▶ **TASK OBJECTIVE**: Repeat exactly the lines below, from the line containing "lit bébé, sèche-cheveux." through the last line, both included. Leave out any pictures.

*** Opening of GIVEN INFORMATION ***

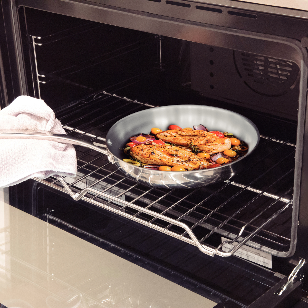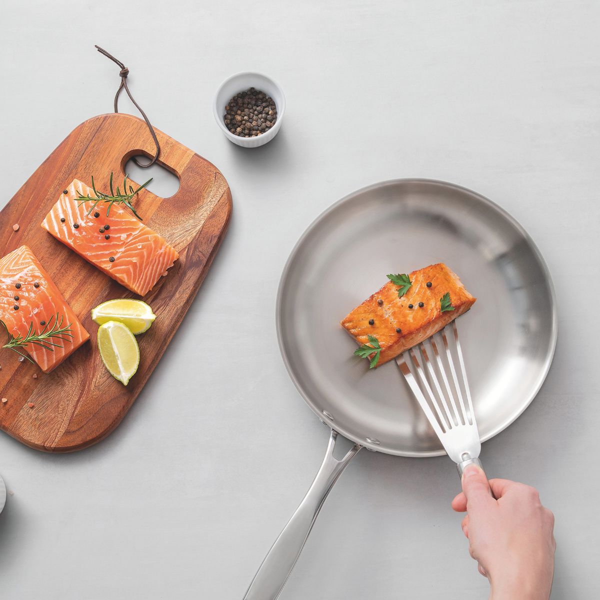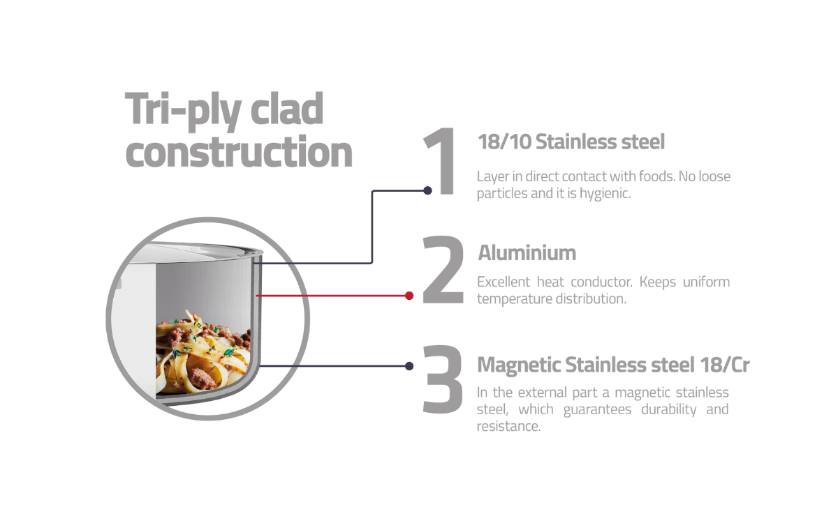 with 3-ply clad construction (stainless steel + aluminium + stainless steel), which distributes the heat evenly throughout the body of the pan for faster cooking, and saves energy by keeping the heat low while cooking.
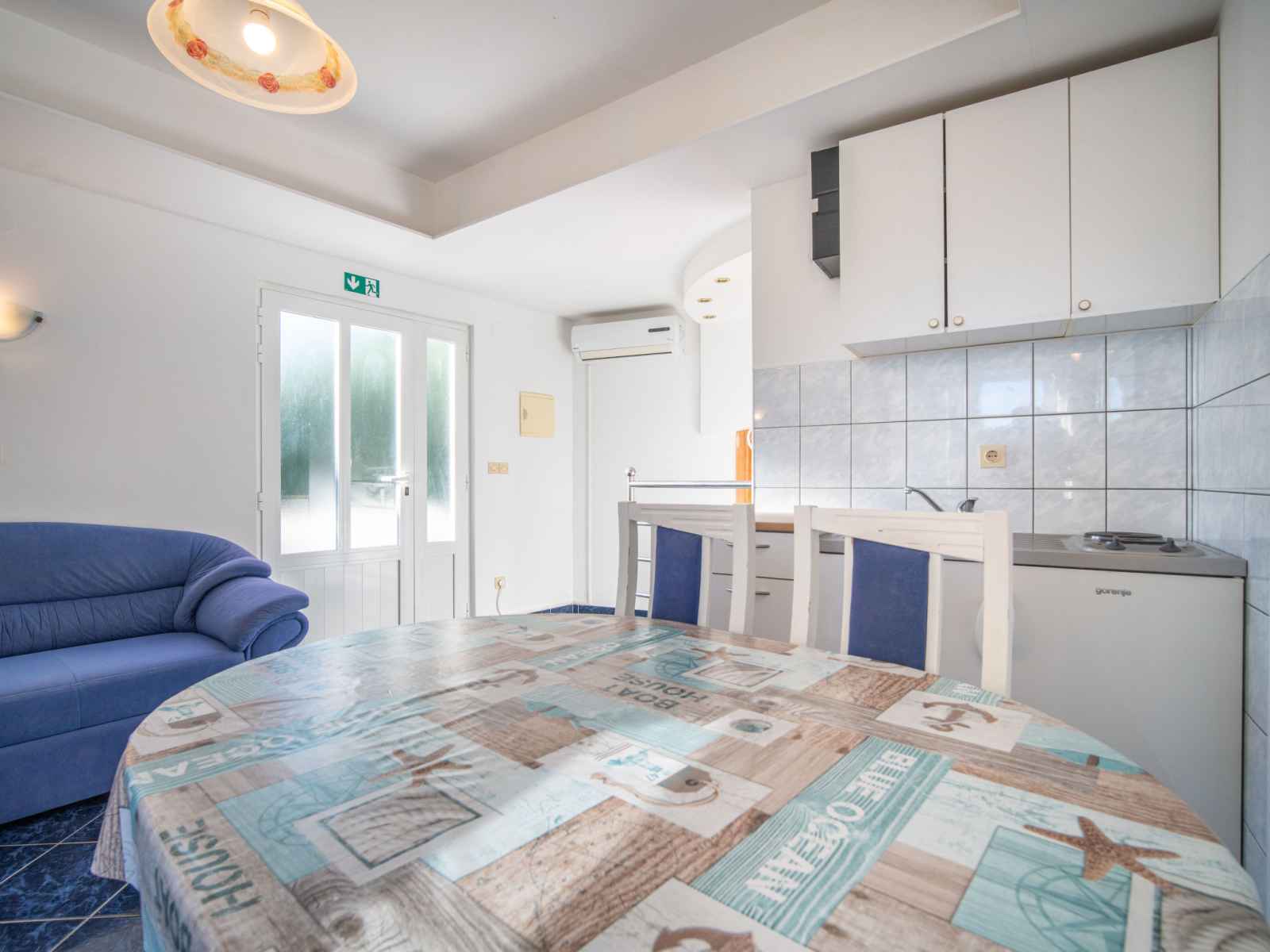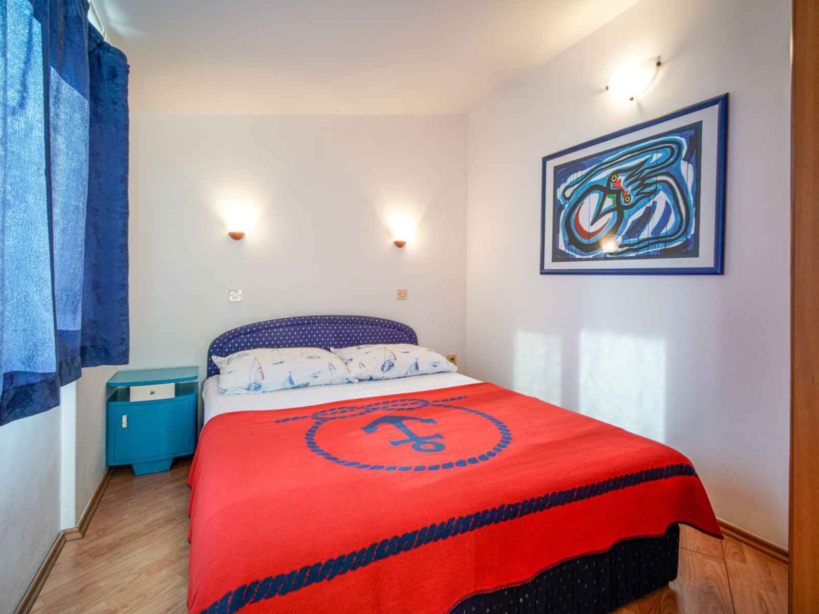 "plavi", apt 2 pièces 30 m2 au 1er étage. séjour/salle à manger avec tv (satellite) et air-conditionné. 1 chambre avec 1 grand-lit (160 cm, longueur 200 cm). cuisine ouverte (2 plaques de cuisson, bouilloire électrique). douche/wc. chauffage à air chaud. petite terrasse 10 m2. meubles de terrasse. a disposition: lit bébé, sèche-cheveux.
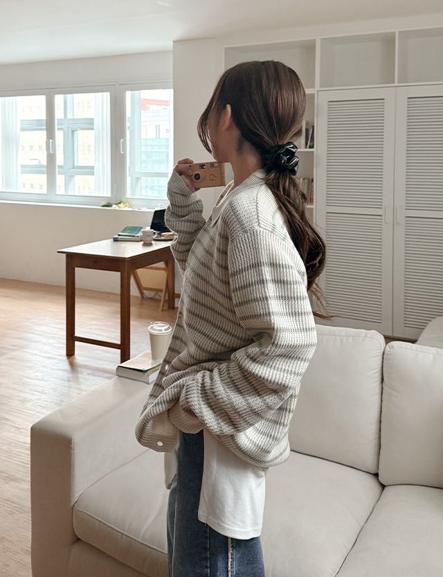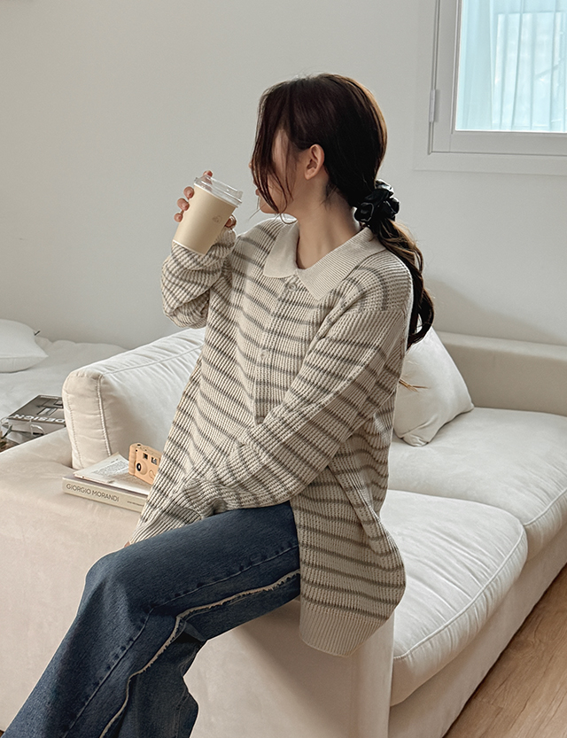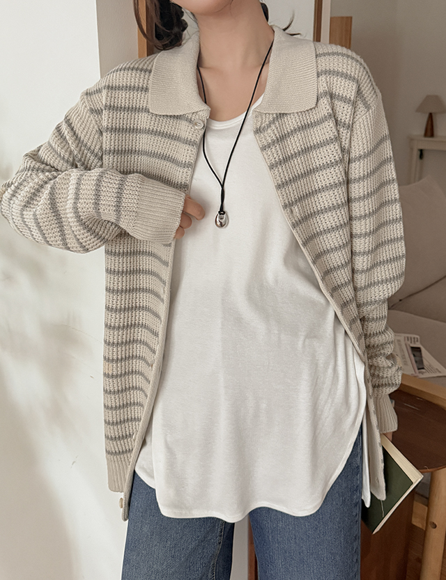 모렌 ストライプ カラー ニット カーディガン 86259

*** Close of GIVEN INFORMATION ***

▶ **SOLUTION TO THE PROBLEM**:
 "plavi", apt 2 pièces 30 m2 au 1er étage. séjour/salle à manger avec tv (satellite) et air-conditionné. 1 chambre avec 1 grand-lit (160 cm, longueur 200 cm). cuisine ouverte (2 plaques de cuisson, bouilloire électrique). douche/wc. chauffage à air chaud. petite terrasse 10 m2. meubles de terrasse. a disposition: lit bébé, sèche-cheveux.
 모렌 ストライプ カラー ニット カーディガン 86259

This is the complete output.